简体繁体 English

使用kinesis流和firehose对流数据进行排序

[英]Ordering of streaming data with kinesis stream and firehose

原文 2017-04-04 09:06:55 5 1 amazon-web-services/ amazon-s3/ aws-lambda/ amazon-kinesis/ amazon-kinesis-firehose

I have an architecture dilemma for my current project which is for near realtime processing of big amount of data. 我目前的项目存在架构困境，即近实时处理大量数据。 So here is a diagram of the the current architecture: 所以这是当前架构的图表：

Here is an explanation of my idea which led me to that picture: 以下是我的想法的解释，这让我想到了这张照片：

When the API gateway receives a request it's put in the stream(this is because of the nature of my application- "fire and forget) That's how I came up to that conclusion . The input data is separated in the shards based on a specific request attribute which guarantees me the correct order. 当API网关收到一个请求时，它被放入流中（这是因为我的应用程序的性质 - “火与忘记”）这就是我得出的结论。输入数据根据特定请求在分片中分离属性，保证我正确的顺序。

Then I have a lambda which cares for validating the input and anomaly detection. 然后我有一个lambda，它关心验证输入和异常检测。 So it's an abstraction which keeps the data clean for the next layer- the data enrichment. 因此，它是一种抽象，可以保持下一层数据的清洁 - 数据丰富。 So this lambda sends the data to a kinesis firehose because it can backup the "raw" data(something which I definitely want to have) and also attach a transformation lambda which will do the enrichment- so I won't care for saving the data in S3, it will come out of the box. 所以这个lambda将数据发送到kinesis firehose，因为它可以备份“原始”数据（我绝对想要的东西），还附加一个转换lambda，它将进行浓缩 - 所以我不关心保存数据在S3中，它将开箱即用。 So everything is great until the moment where I need a preserved ordering of the received data(the enricher is doing sessionization), which is lost in the firehose, because there's no data separation there as it's in the kinesis streams. 所以一切都很好，直到我需要保存的接收数据排序（富集程序正在进行会话化），这在firehose中丢失，因为在kinesis流中没有数据分离。

So the only thing I could think of is- to move the sissionization in the first lambda, which will break my abstraction, because it will start caring about data enrichment and the bigger drawback is that the backup data will have enriched data in it, which is also breaking the architecture. 所以我唯一能想到的就是 - 在第一个lambda中移动sissionization，这将破坏我的抽象，因为它将开始关注数据丰富，更大的缺点是备份数据将丰富其中的数据，也打破了架构。 And all this is happening because the missing sharding conception in the firehose. 所有这一切都在发生，因为在消防中缺少分片概念。

So can someone think of a solution of that problem without losing the out of the box features which aws provides us? 那么有人可以想到解决这个问题而不会失去aws为我们提供的开箱即用功能吗？

1 个解决方案

I think that sessionization and data enrichment are two different abstractions, will need to be split between the lambdas. 我认为会话化和数据丰富是两种不同的抽象，需要在lambda之间进行分割。

A session is a time bound, strictly ordered flow of events that are bounded by a purpose or task. 会话是受目的或任务限制的时间限制，严格排序的事件流。 You only have that information at the first lambda stage (from the kinesis stream categorization), and should label flows with session context at the source and where sessions can be bounded. 您只在第一个lambda阶段（来自kinesis流分类）拥有该信息，并且应该在源处标记具有会话上下文的流并且可以限制会话。

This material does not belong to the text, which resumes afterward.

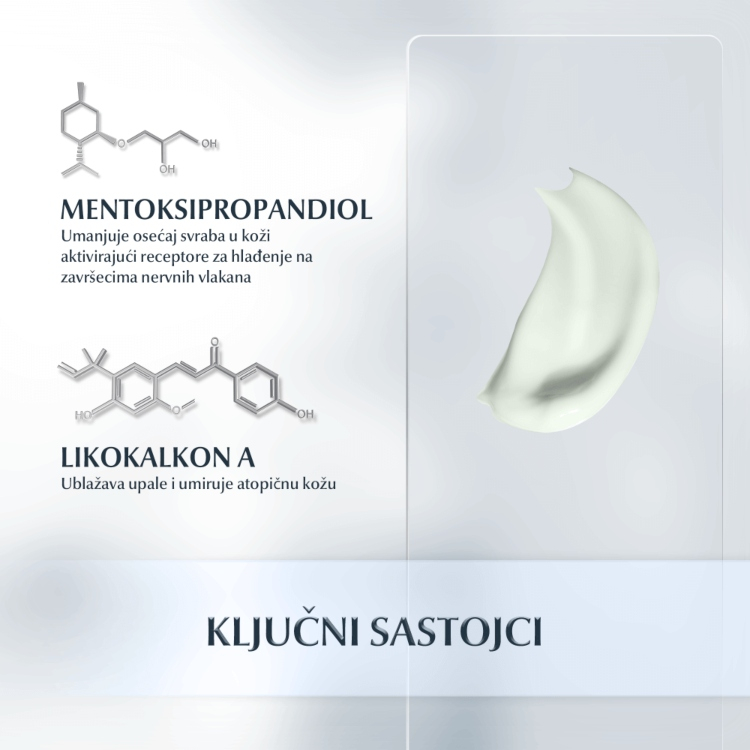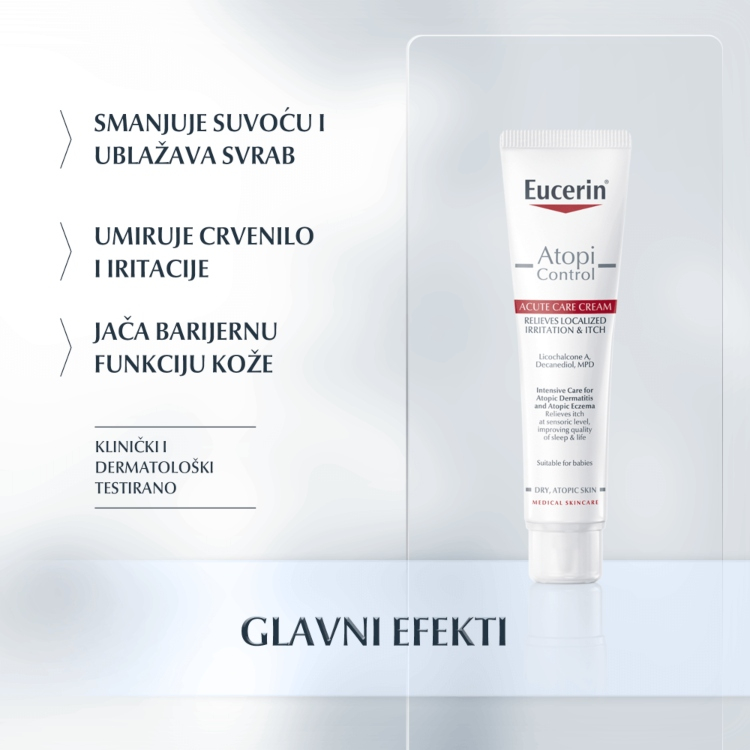 Eucerin AtopiControl Krema za akutnu negu je specijalno formulisana da pruži olakšanje i intenzivnu negu koži u upalnoj fazi atopijskog dermatitisa. Formulacija sadrži jedinstveni kompleks aktivnih principa koji čine likokalkon A koji ima ulugu da umiruje kožu, dekandiol koji deluje antibakterijski i mentoksipropandiol (MPD) koji hladi i deluje potiv svraba. Ovaj kompleks, kombinovan sa visokom koncentracijom ceramida, jača barijernu funkciju kože, smanjuje suvoću i oslobađa od svraba na senzornom nivou čime se smanjuje potreba za češanjem.

If storing session information in a backup is a problem, it may be that the definition of a session is not well specified or subject to redefinition. 如果在备份中存储会话信息是一个问题，则可能是会话的定义没有很好地指定或者需要重新定义。 If sessions are subject to future recasting, the session data already calculated can be ignored, provided enough additional data to inform the unpredictable future concepts of possible sessions has also been recorded with enough detail. 如果会话将来重新进行，则可以忽略已经计算的会话数据，只要有足够的详细信息记录了足够的额外数据以告知可能会话的不可预测的未来概念。

Additional enrichment providing business context (aka externally identifiable data) should process the sessions transactionally within the previously recorded boundaries. 提供业务上下文（也称为外部可识别数据）的附加富集应在先前记录的边界内以事务方式处理会话。

If sessions aren't transactional at the business level, then the definition of a session is over or under specified. 如果会话在业务级别不是事务性的，则会话的定义超出或低于指定。 If that is the case, you are out of the stream processing business and into batch processing, where you will need to scale state to the number of possible simultaneous interleaved sessions and their maximum durations -- querying the entire corpus of events to bracket sessions of hopefully manageable time durations. 如果是这种情况，您就不在流处理业务和批处理中，您需要将状态扩展到可能的同时交错会话的数量及其最大持续时间 - 查询整个事件语料库以支持会话希望可以控制的持续时间。